:: Problem details ::
Output every entry exactly, without any pictures.

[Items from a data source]
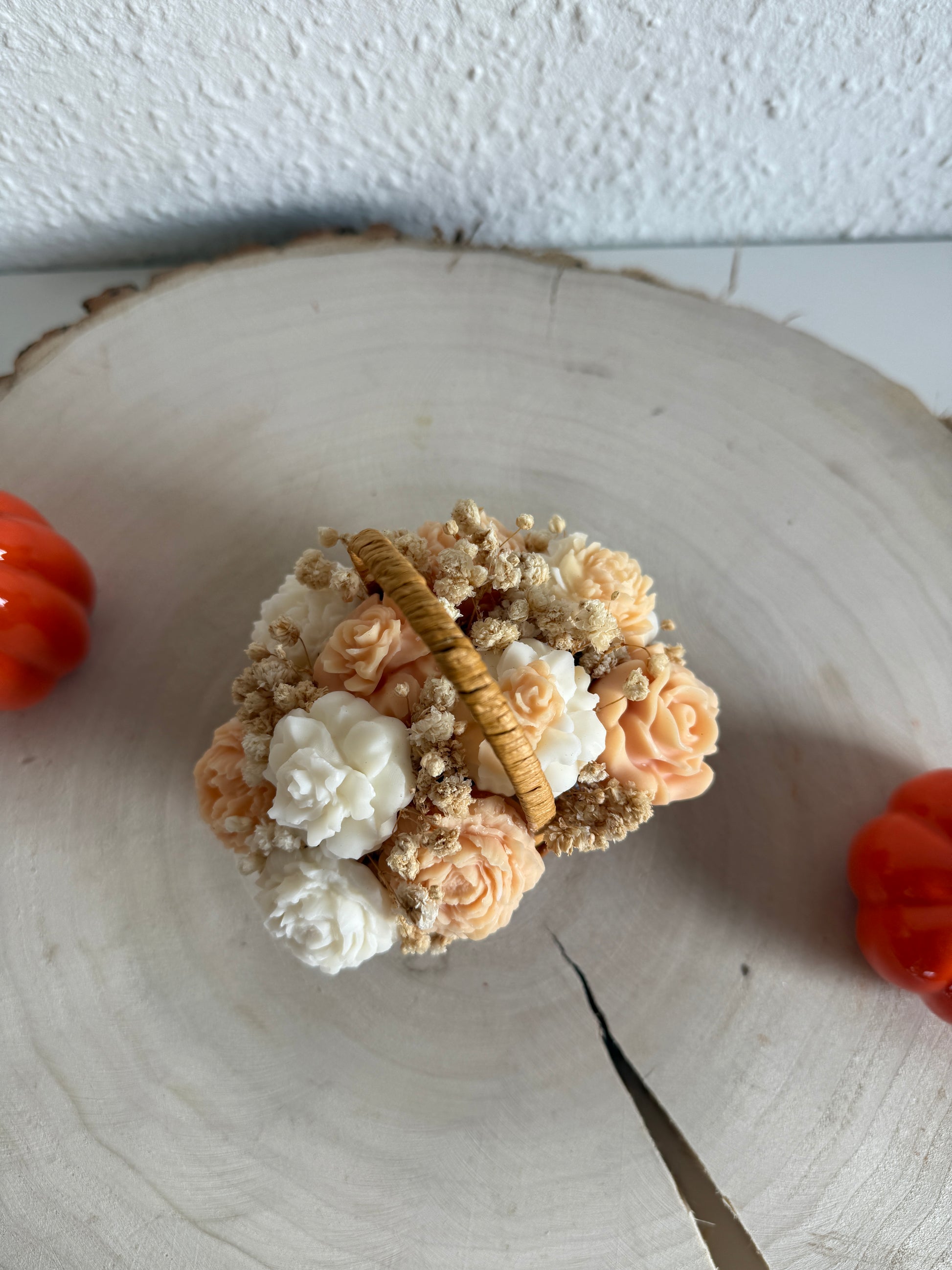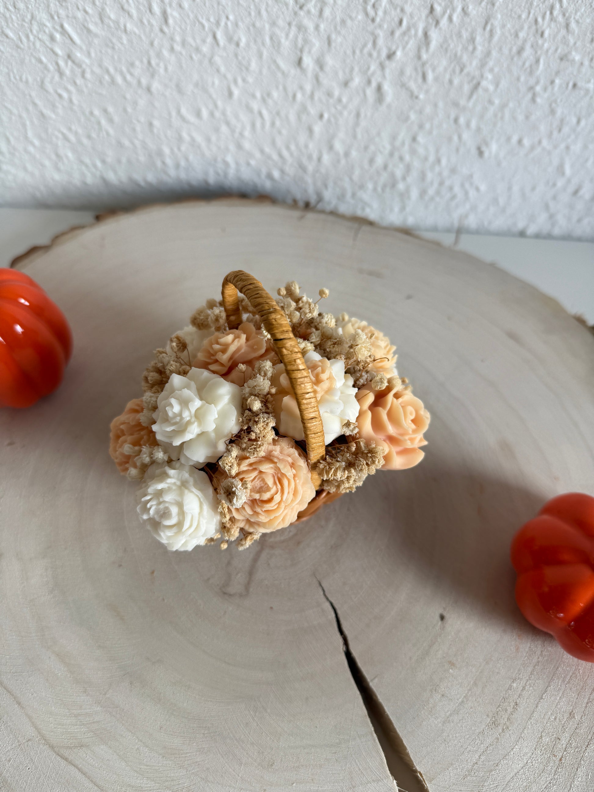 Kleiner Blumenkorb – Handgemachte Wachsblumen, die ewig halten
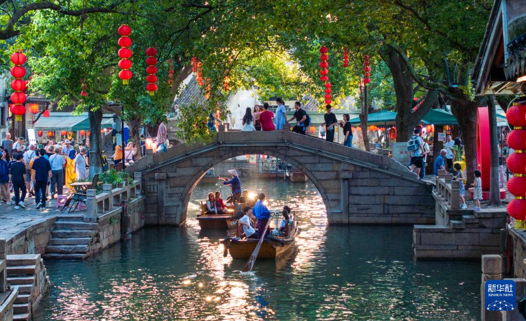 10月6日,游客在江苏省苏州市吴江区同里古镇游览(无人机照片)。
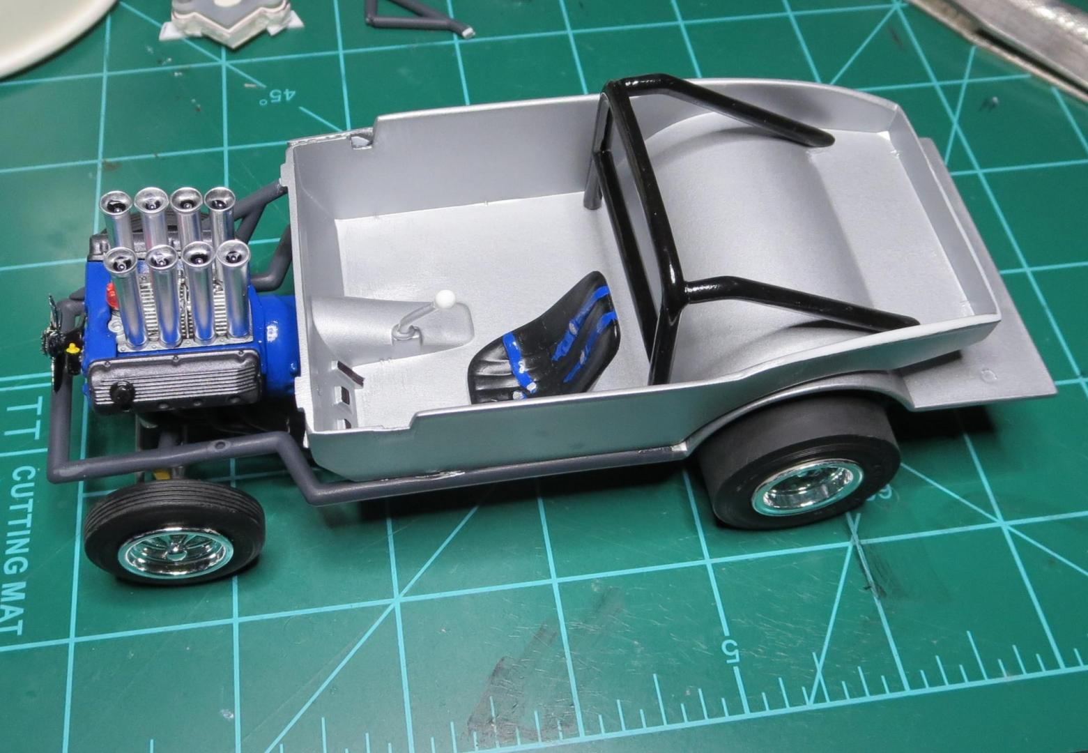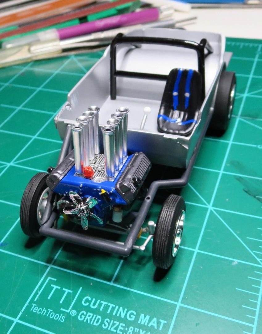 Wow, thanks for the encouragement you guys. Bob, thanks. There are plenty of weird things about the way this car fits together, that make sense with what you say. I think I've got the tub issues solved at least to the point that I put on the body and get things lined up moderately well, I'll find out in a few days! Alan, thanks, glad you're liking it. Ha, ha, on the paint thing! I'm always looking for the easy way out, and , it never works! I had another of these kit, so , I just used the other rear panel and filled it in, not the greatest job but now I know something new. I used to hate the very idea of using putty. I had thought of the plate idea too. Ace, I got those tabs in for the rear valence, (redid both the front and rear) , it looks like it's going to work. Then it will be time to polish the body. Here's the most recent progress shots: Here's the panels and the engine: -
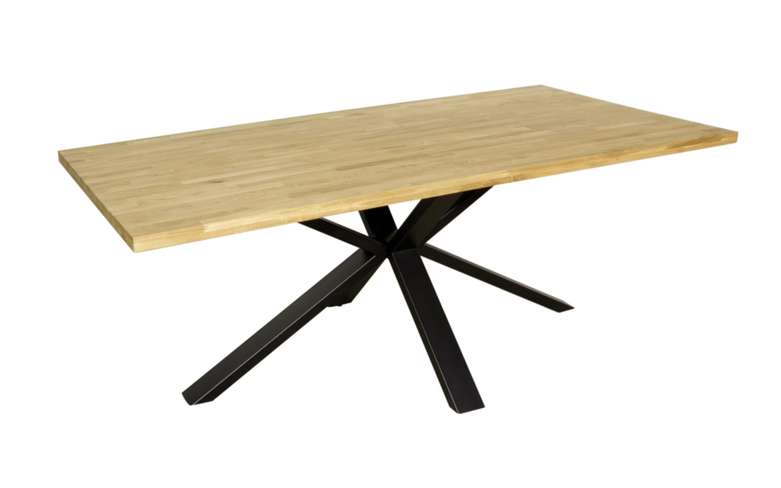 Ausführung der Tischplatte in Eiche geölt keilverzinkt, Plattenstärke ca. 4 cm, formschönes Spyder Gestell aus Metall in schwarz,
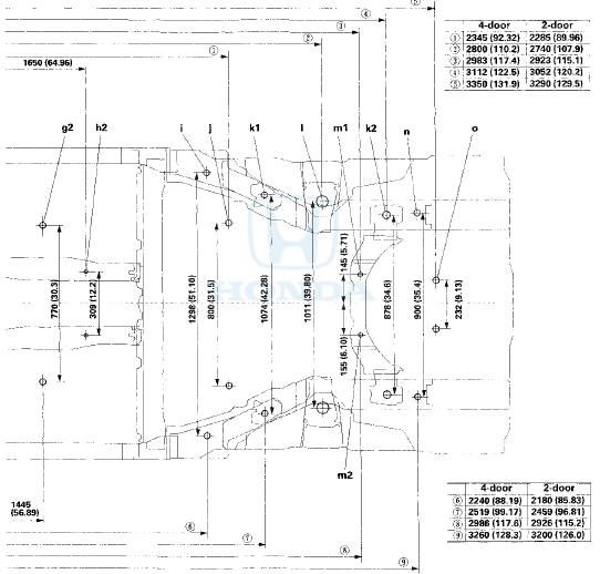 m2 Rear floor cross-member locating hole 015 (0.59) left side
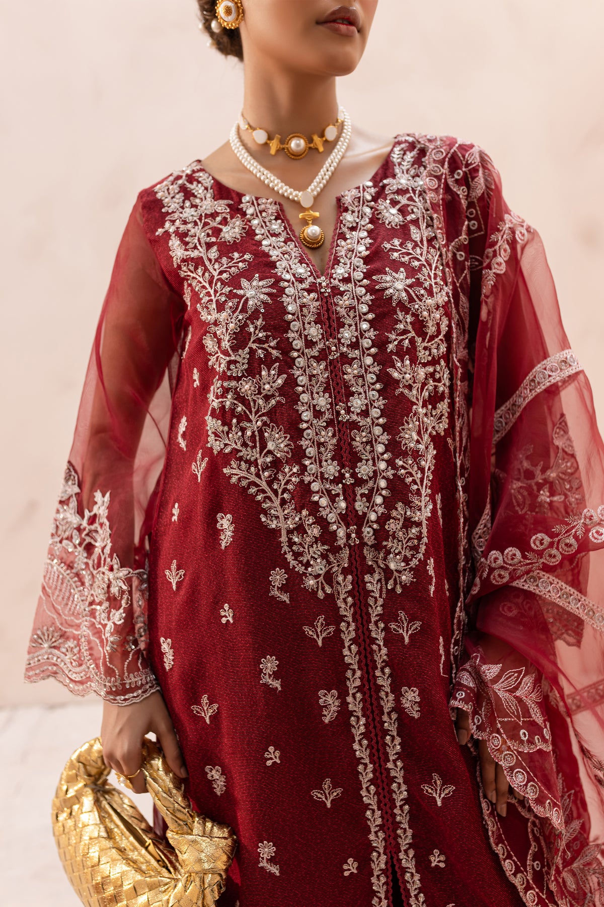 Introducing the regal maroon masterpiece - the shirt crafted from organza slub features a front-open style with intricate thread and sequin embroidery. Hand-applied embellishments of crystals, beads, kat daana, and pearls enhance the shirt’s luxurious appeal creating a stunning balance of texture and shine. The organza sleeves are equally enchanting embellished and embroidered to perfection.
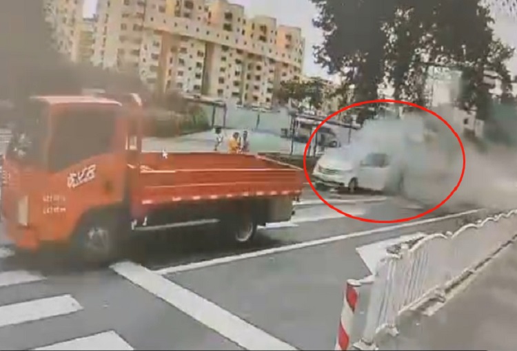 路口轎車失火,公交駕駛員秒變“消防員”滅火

:: Result of the task ::
 Kleiner Blumenkorb – Handgemachte Wachsblumen, die ewig halten
 10月6日,游客在江苏省苏州市吴江区同里古镇游览(无人机照片)。
 Wow, thanks for the encouragement you guys. Bob, thanks. There are plenty of weird things about the way this car fits together, that make sense with what you say. I think I've got the tub issues solved at least to the point that I put on the body and get things lined up moderately well, I'll find out in a few days! Alan, thanks, glad you're liking it. Ha, ha, on the paint thing! I'm always looking for the easy way out, and , it never works! I had another of these kit, so , I just used the other rear panel and filled it in, not the greatest job but now I know something new. I used to hate the very idea of using putty. I had thought of the plate idea too. Ace, I got those tabs in for the rear valence, (redid both the front and rear) , it looks like it's going to work. Then it will be time to polish the body. Here's the most recent progress shots: Here's the panels and the engine: -
 Ausführung der Tischplatte in Eiche geölt keilverzinkt, Plattenstärke ca. 4 cm, formschönes Spyder Gestell aus Metall in schwarz,
 m2 Rear floor cross-member locating hole 015 (0.59) left side
 Introducing the regal maroon masterpiece - the shirt crafted from organza slub features a front-open style with intricate thread and sequin embroidery. Hand-applied embellishments of crystals, beads, kat daana, and pearls enhance the shirt’s luxurious appeal creating a stunning balance of texture and shine. The organza sleeves are equally enchanting embellished and embroidered to perfection.
 路口轎車失火,公交駕駛員秒變“消防員”滅火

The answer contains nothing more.